[[ Records for the exercise, beginning ]]

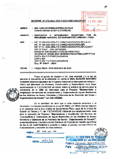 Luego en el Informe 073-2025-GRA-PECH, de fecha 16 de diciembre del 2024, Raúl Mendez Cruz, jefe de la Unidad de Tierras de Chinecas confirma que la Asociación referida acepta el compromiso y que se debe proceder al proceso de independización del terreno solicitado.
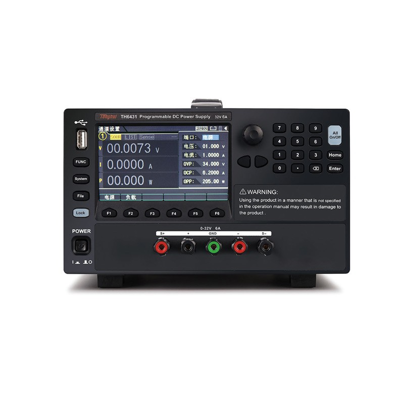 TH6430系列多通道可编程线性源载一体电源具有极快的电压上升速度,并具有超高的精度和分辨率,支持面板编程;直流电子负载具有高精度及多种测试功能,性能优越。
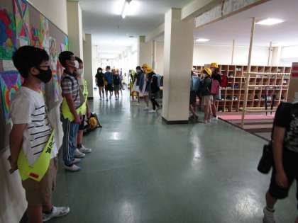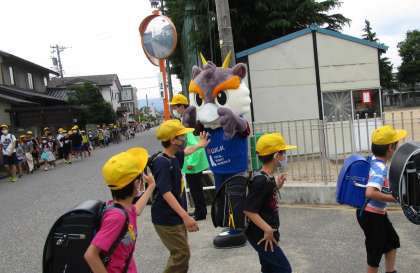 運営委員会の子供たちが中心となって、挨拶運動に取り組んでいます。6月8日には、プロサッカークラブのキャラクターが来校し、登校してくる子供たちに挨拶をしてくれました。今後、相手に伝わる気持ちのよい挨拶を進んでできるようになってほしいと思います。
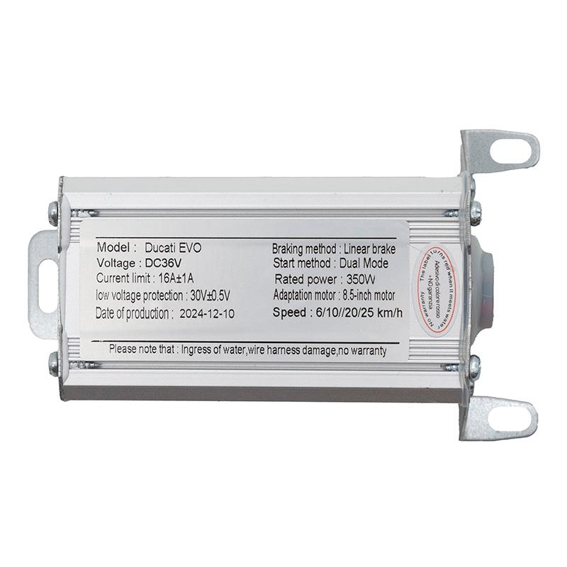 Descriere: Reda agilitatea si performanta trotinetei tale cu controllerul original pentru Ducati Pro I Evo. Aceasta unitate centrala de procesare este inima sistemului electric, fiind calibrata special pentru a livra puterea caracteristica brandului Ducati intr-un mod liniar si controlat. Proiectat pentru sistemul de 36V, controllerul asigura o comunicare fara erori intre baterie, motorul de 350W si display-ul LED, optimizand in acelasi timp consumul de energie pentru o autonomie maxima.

[[ Records for the exercise, end ]]
[[ Records for the exercise, beginning ]]

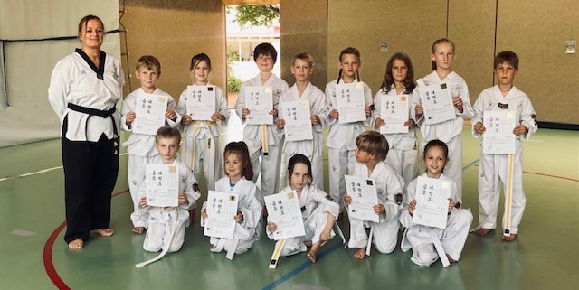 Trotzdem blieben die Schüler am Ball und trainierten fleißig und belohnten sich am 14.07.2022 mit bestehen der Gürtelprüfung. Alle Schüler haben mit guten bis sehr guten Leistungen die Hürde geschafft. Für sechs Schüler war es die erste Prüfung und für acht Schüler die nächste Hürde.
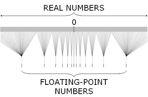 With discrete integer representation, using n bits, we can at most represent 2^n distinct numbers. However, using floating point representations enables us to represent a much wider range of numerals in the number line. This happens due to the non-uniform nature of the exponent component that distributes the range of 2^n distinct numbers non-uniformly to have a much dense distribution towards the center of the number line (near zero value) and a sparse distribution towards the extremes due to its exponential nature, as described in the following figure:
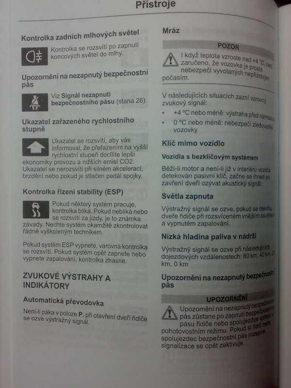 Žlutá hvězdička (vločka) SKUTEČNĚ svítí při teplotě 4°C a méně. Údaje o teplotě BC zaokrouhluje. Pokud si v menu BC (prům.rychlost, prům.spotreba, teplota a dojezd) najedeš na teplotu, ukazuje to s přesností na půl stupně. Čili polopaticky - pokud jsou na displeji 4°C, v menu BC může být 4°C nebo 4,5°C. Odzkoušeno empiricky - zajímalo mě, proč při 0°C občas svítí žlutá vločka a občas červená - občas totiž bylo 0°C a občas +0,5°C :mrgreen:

[[ Records for the exercise, end ]]

▶ [To do]:
Print exactly the lines above that run from the one with "Trotzdem blieben die" to the one with "Žlutá hvězdička (vločka)", both included. No pictures.

▶ [Worked solution]:
 Trotzdem blieben die Schüler am Ball und trainierten fleißig und belohnten sich am 14.07.2022 mit bestehen der Gürtelprüfung. Alle Schüler haben mit guten bis sehr guten Leistungen die Hürde geschafft. Für sechs Schüler war es die erste Prüfung und für acht Schüler die nächste Hürde.
 With discrete integer representation, using n bits, we can at most represent 2^n distinct numbers. However, using floating point representations enables us to represent a much wider range of numerals in the number line. This happens due to the non-uniform nature of the exponent component that distributes the range of 2^n distinct numbers non-uniformly to have a much dense distribution towards the center of the number line (near zero value) and a sparse distribution towards the extremes due to its exponential nature, as described in the following figure:
 Žlutá hvězdička (vločka) SKUTEČNĚ svítí při teplotě 4°C a méně. Údaje o teplotě BC zaokrouhluje. Pokud si v menu BC (prům.rychlost, prům.spotreba, teplota a dojezd) najedeš na teplotu, ukazuje to s přesností na půl stupně. Čili polopaticky - pokud jsou na displeji 4°C, v menu BC může být 4°C nebo 4,5°C. Odzkoušeno empiricky - zajímalo mě, proč při 0°C občas svítí žlutá vločka a občas červená - občas totiž bylo 0°C a občas +0,5°C :mrgreen:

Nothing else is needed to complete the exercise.